The culmination of this peculiar adventure, which I had observed only from afar, occurred when Toei Studio made “Niryuu Shousetsuka: Serialist,” a film based on my book. That is to say, a Japanese movie set in Tokyo, with Japanese actors speaking Japanese, rather than my version, which features non-Japanese people and takes place mostly in Queens.
They made the movie very fast, in about six months, and invited me to the premiere in June 2013. My Japanese publishers had contrived to release my new book, “Mystery Girl,” at the same time. The novel wouldn’t even be published in English until July. Maybe it had something to do with the international date line, the way emails from East Asia seem to come from tomorrow, but my Japanese life was clearly way ahead of my American life. So I went.

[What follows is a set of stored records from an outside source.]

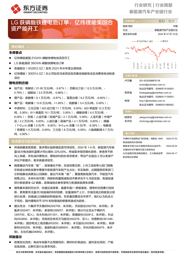 【东方证券】【20240710】新能源汽车产业链行业周报:LG获磷酸铁锂电池订单,亿纬锂能美国合资产能开工-14页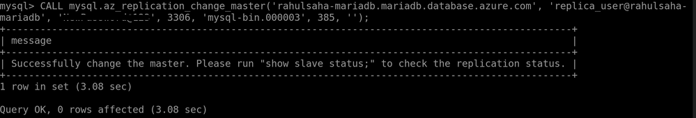 CALL mysql.az_replication_change_master('rahulsaha-mariadb.mariadb.database.azure.com', 'replica_user@rahulsaha-mariadb', 'StrongPass', 3306, 'mysql-bin.000003', 385, '');
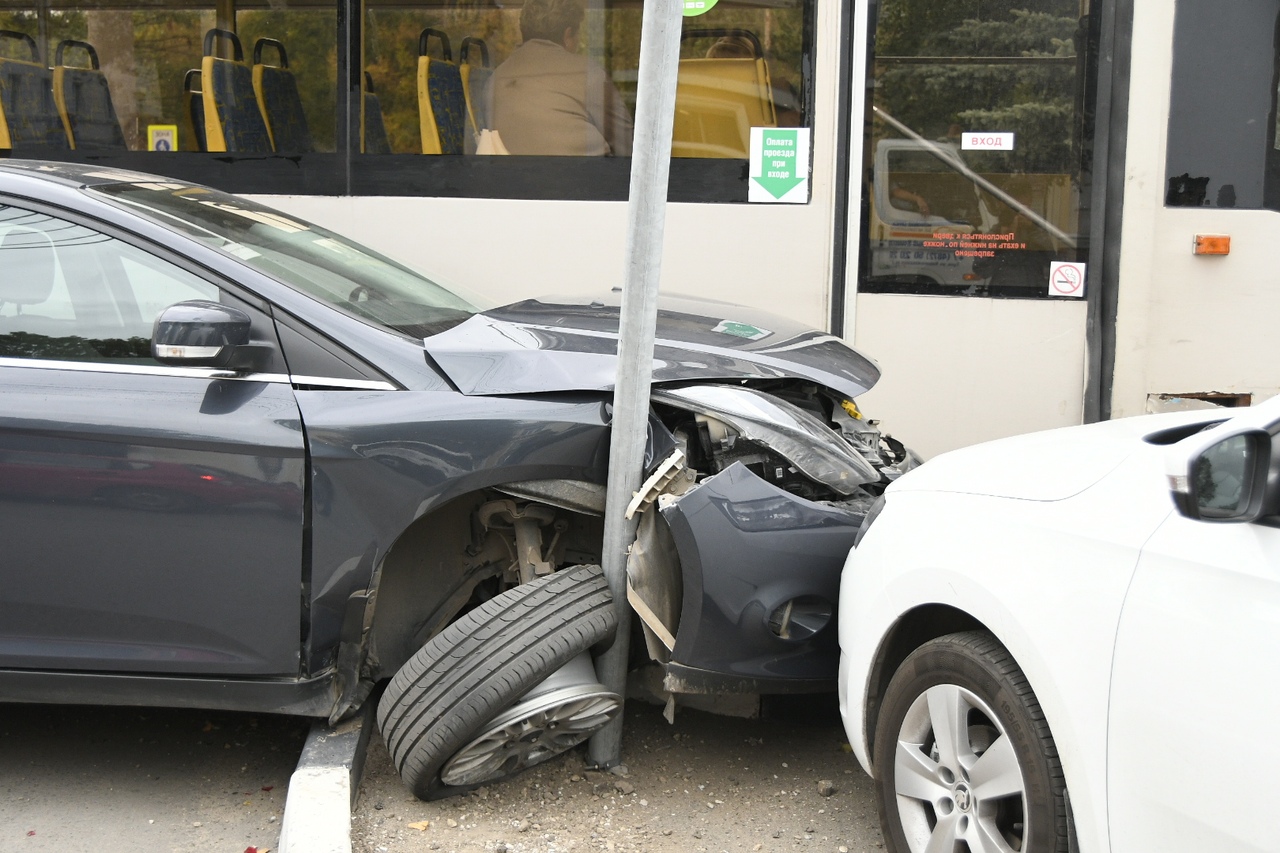 В результате ДТП у легкового автомобиля сильно помят бампер, ее зажало между трамваем и знаком. На месте работает эвакуатор.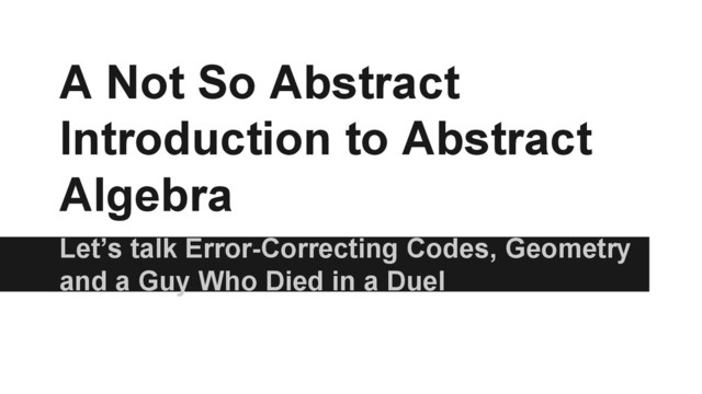 A Not So Abstract Introduction to Abstract Algebra Let’s talk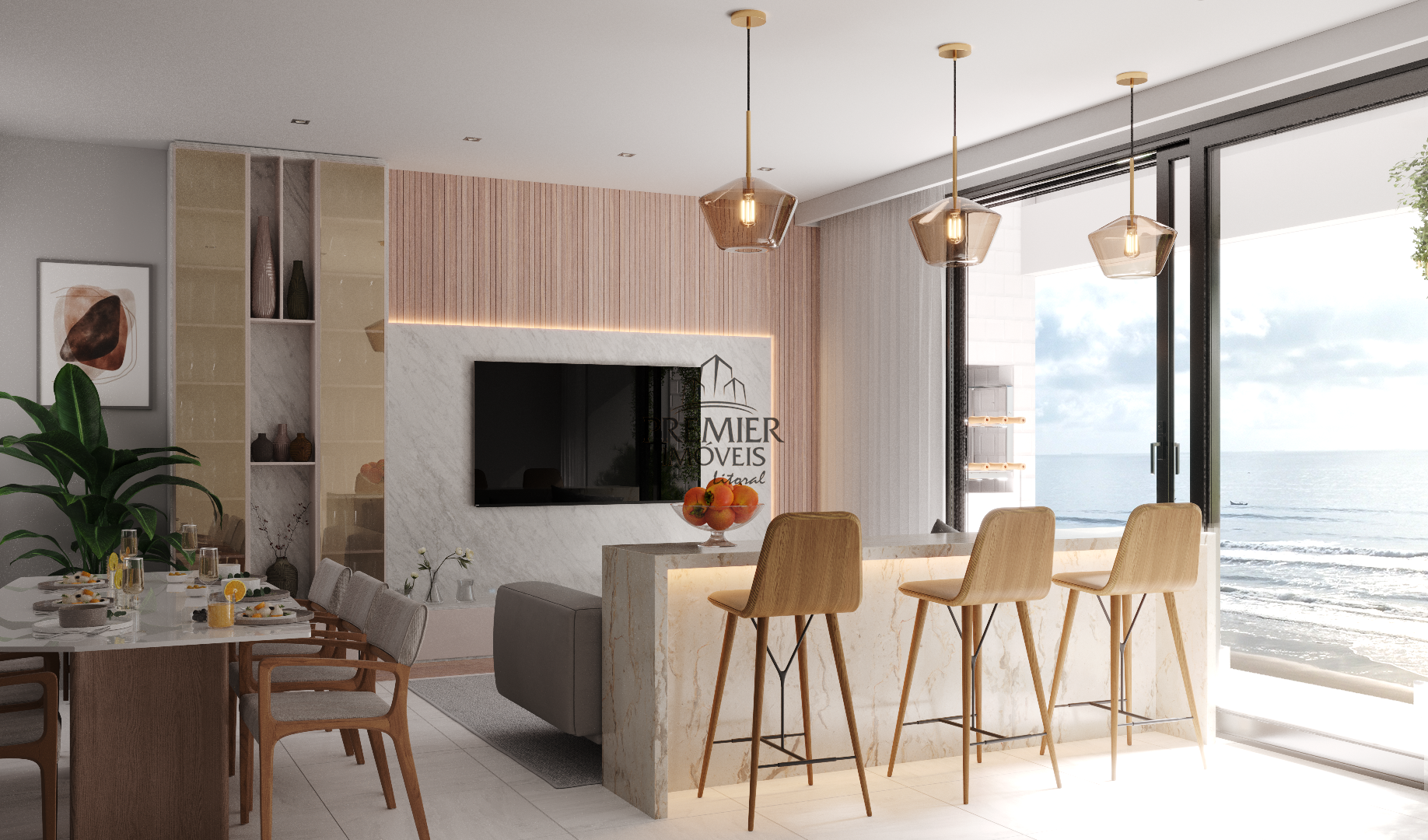 * Sala e cozinha em conceito aberto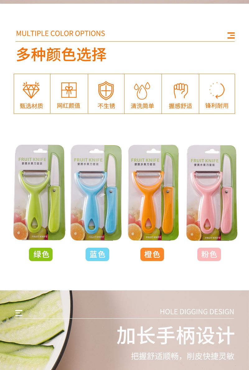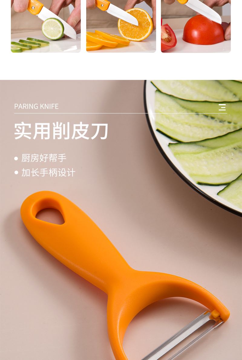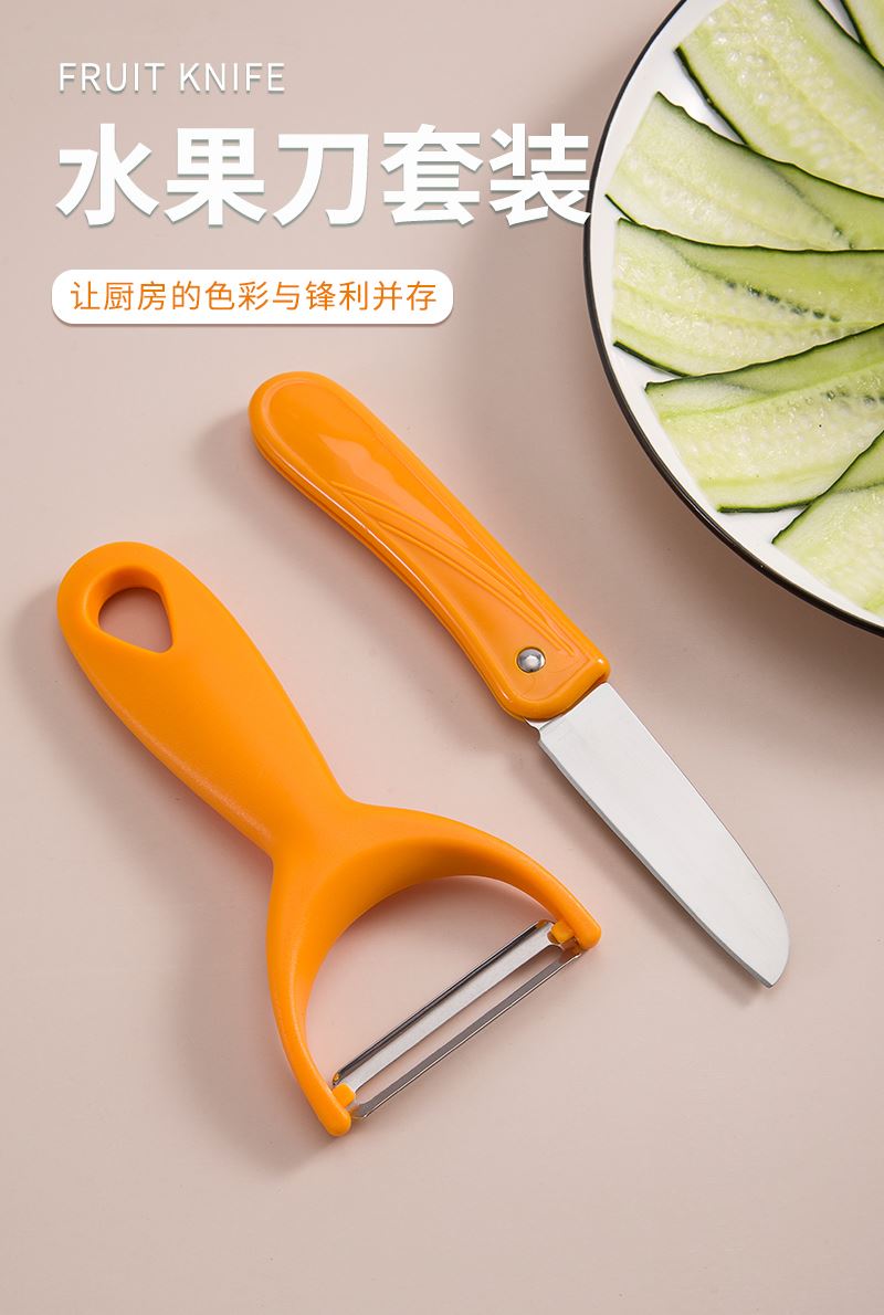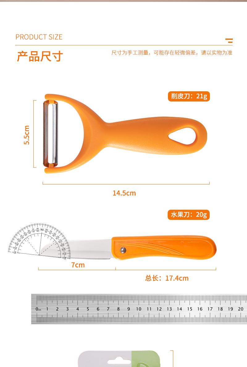 產(chǎn)品組合:水果刀 瓜刨 產(chǎn)品規(guī)格: 水果刀:17.5 削皮器:14.5*5.2cmm 材 質(zhì):PP 陶瓷 包 裝:吸卡 重量/套: 62g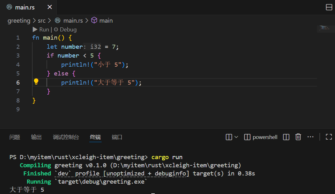 这里 number 是 7,大于 5,所以会打印"大于等于 5"。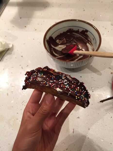 Eliminar un taco del congelador y cubrir la parte media con ganache. Rápidamente añadir sprinkles en la parte superior, si lo desea y volver a taco en el congelador.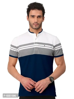 Stylish Cotton Straight Collar Chinese Collar Neck Color Block T-Shirt For Men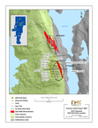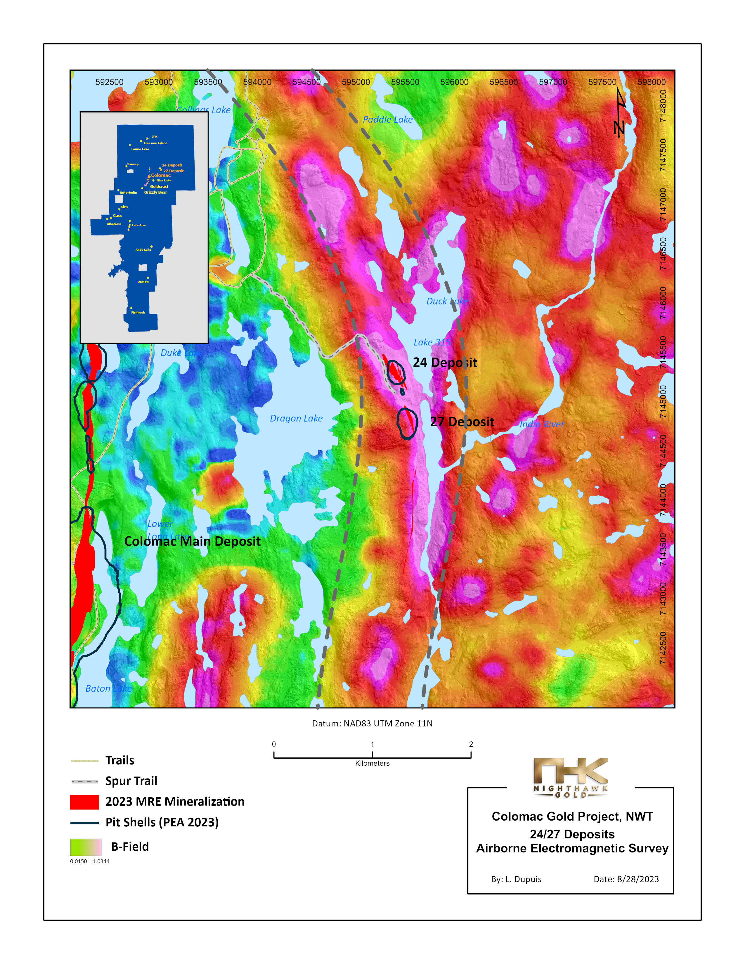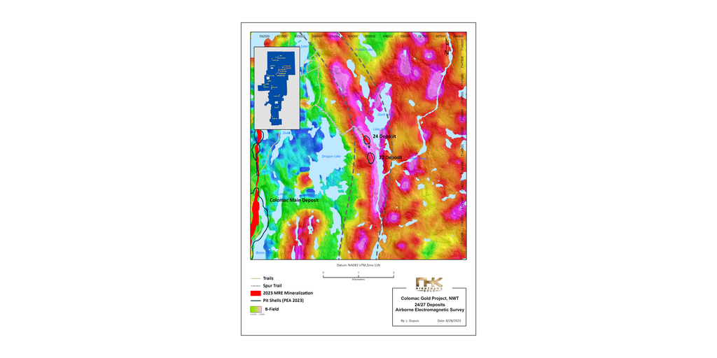 The 24/27 Deposit is in the Colomac Centre Area and located 2 km northeast of the Colomac Main Deposit. The 24/27 Deposit represents two zones of near-surface, gold mineralization about 250 m apart. See Figure 4 for the 24/27 Deposit local map of the drilling. Mineralization at the 24/27 Deposit is hosted by grey-white smoky quartz veins in volcanic rocks along the geological contact with sedimentary rocks to the east. The contact is highlighted by a prominent electromagnetic anomaly. The combination of geophysics and geology will be utilized to generate new exploration targets along the underexplored 12 km contact (See Figure 7 for the 24/27 Deposit Electromagnetic Survey Map).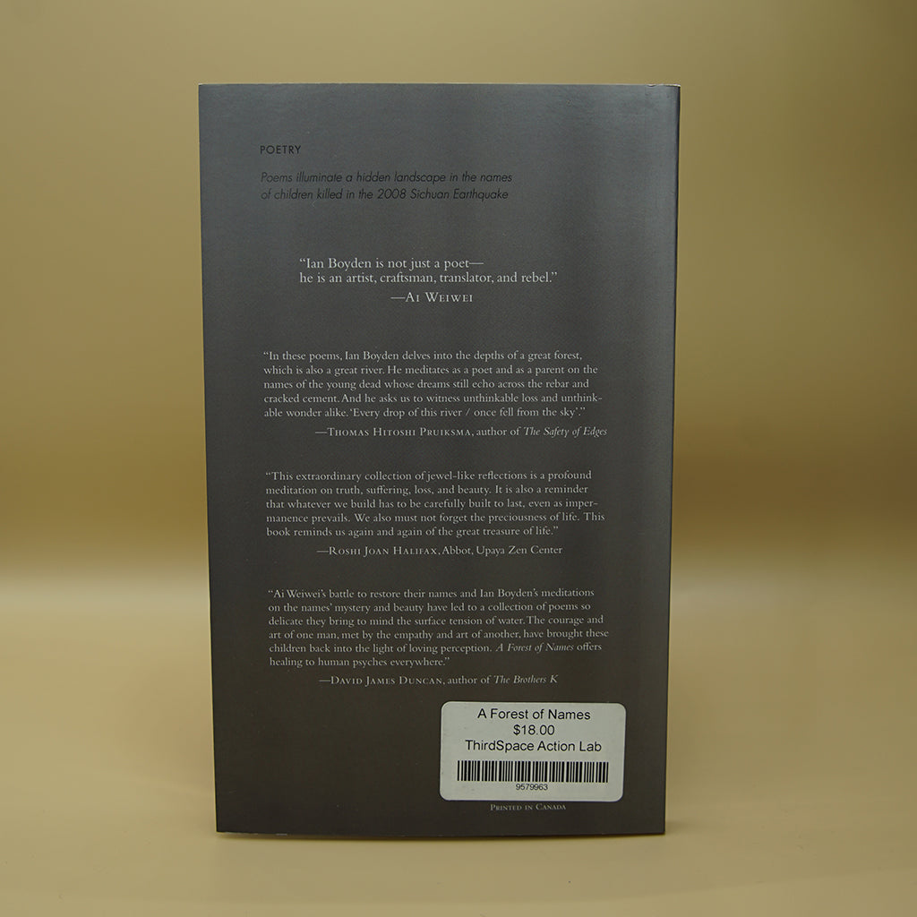 How do we honor the dead? How do we commit them to memory? And how do we come to terms with the way they died? To start, we can name them. When schools collapsed in an earthquake in China, burying over 5,000 children, the government brutally prevented parents from learning who had died. Artist Ai Weiwei, at risk to his own safety, gathered the names of these children, and their names are the subject of this book. Each poem is a poetic meditation on the image and concept suggested by the etymology in the Chinese characters. This act of poetic translation is both a heartbreaking tribute to people whose names have been erased, and a healing meditation on how language suggests a path forward.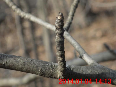 奇異な形をした毛むくじゃらの冬芽(裸芽)が目立つ樹があった。残った葉軸から、ウルシ科ウルシ属の樹のような気がしたが、経験不足で、明確に同定できなかった。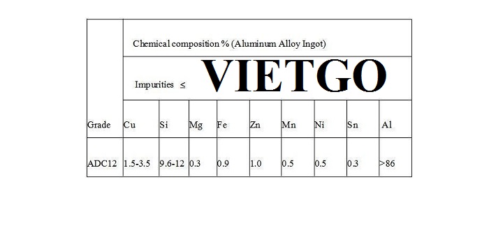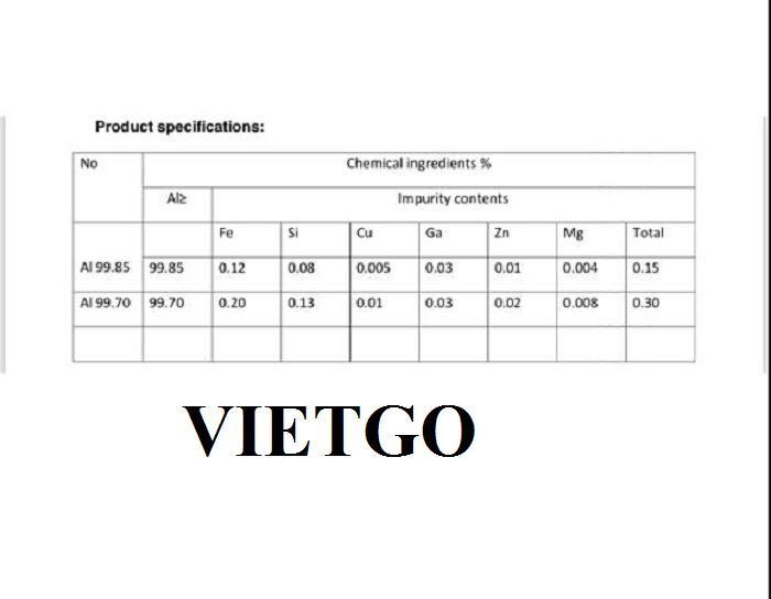 Ông Kobe – vị khách hàng đến từ Đài Loan vừa qua đã liên hệ với VIETGO, trao đổi về mong muốn được tìm kiếm nhà cung cấp cho đơn hàng nhập khẩu hàng tháng 2000 tấn thỏi nhôm A7 và ADC12 của mình. Vị khách hàng đã gửi yêu cầu chi tiết về sản phẩm và đang rất nóng lòng nhận được báo giá từ nhà cung cấp để có thể thực hiện đơn hàng trong thời gian sớm nhất.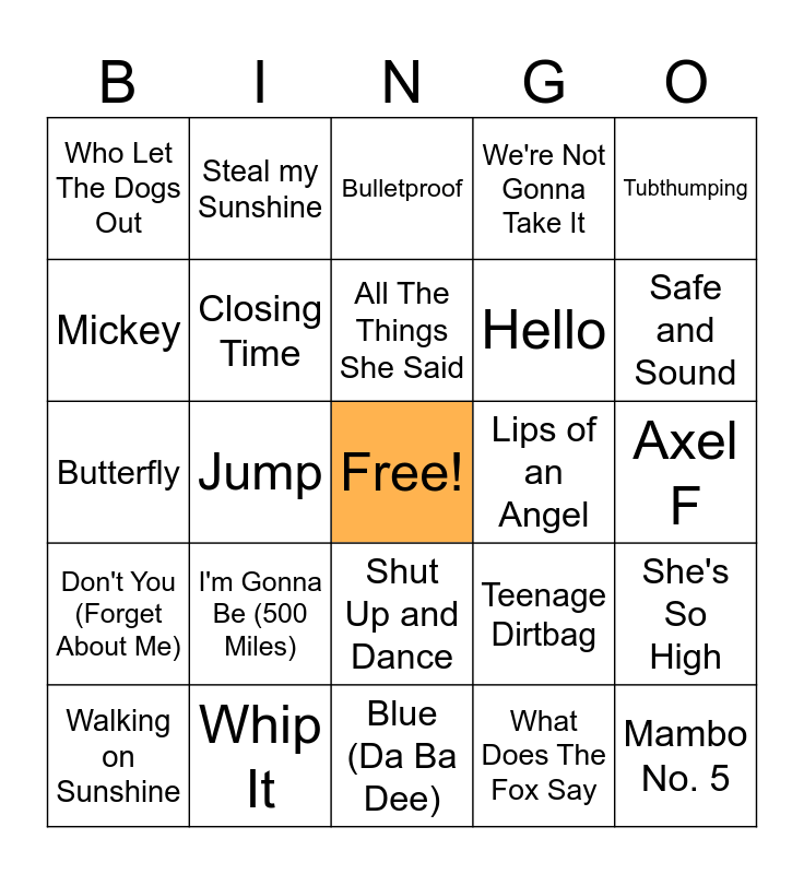 This bingo card has a free space and 29 words: Walking on Sunshine, Tainted Love, Jump, Somebody That I Used To Know, Who Let The Dogs Out, Bulletproof, Closing Time, I'm Gonna Be (500 Miles), Lips of an Angel, Whip It, Axel F, Mambo No. 5, Blue (Da Ba Dee), What Does The Fox Say, Safe and Sound, Whip my Hair, Shut Up and Dance, Don't You (Forget About Me), Tubthumping, Butterfly, Teenage Dirtbag, Headstrong, Hello, Mickey, We're Not Gonna Take It, Steal my Sunshine, She's So High, All The Things She Said and The Reason.
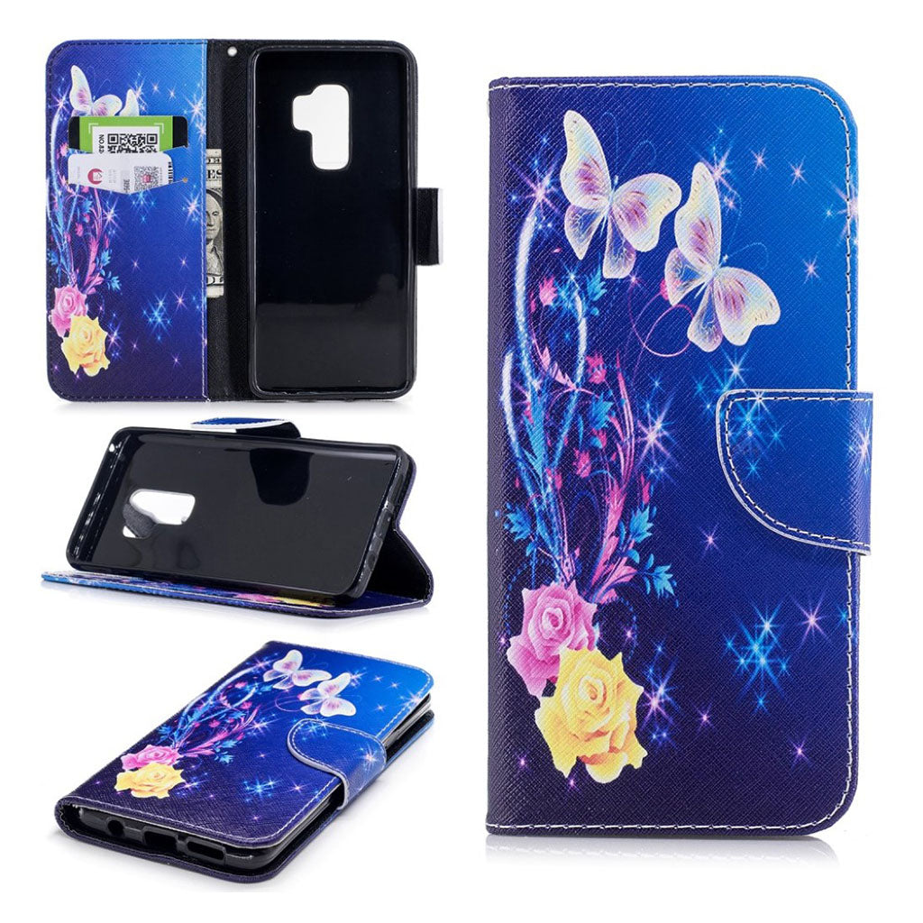 Étui en cuir Samsung Galaxy S9 Plus avec impression de motifs - Joli Papillon Et Étoile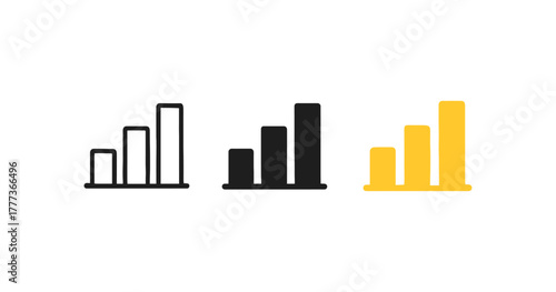 © 123levit, Obraz premium Minimalist bar chart set: black and yellow growth infographic icons

At the airport, I was met by my editor and a TV crew, which, I assure you, had never happened before. I was put up in a hotel where James Bond might have stayed, with a remote-controlled tub that filled automatically and a giant button that opened the drapes — futuristic, but a ’60s kind of future. As requested, I put on a black suit and a tie (mind you, I can barely tie a tie, because in my real life I have no need for one) and went to the premiere, where each member of the cast, including the woman who sang the theme song, bowed and thanked me.
In a daze, I was paraded before the press, blinded by flashbulbs and tracked by TV cameras. But because I couldn’t understand the directions, I often talked to the wrong camera, stared into space or even leaned on the scenery — until my intrepid and glamorous young translator told the reporters to wave if they wanted David-san to look at their cameras, like a baby at a birthday party. I watched the film with her whispering in my ear: “He is the detective.” It was as if I had fallen asleep and had a weird dream about my own book. At the end, when the lights came up and I stood to leave, she tapped my shoulder and pointed. The audience was clapping wildly. For me. I took a few deep bows and fled.
For a week, I did interviews, met critics and fans, visited bookshops. Readers admired my views on literature and my deep understanding of women — things few readers (or women) think here. I traveled everywhere with an entourage, signing books aided by two assistants, one who held the book for me, another who blotted my signature with tissue. People toasted me and applauded my ability to eat with chopsticks or sign my name really big on a poster.
Then I came home to my daily routine. I live alone in book-filled rooms smaller than my Tokyo hotel suite. My bathtub doesn’t fill itself. I sit and write all day in silence. Then I go running or out with friends, who barely ever applaud. Don’t get me wrong, it’s fine, but once in a while, as I eat a burrito and watch an old samurai film, I wonder how that other, more glamorous writer, David-san, the Second-Rate Novelist, is doing over there, where it’s already tomorrow.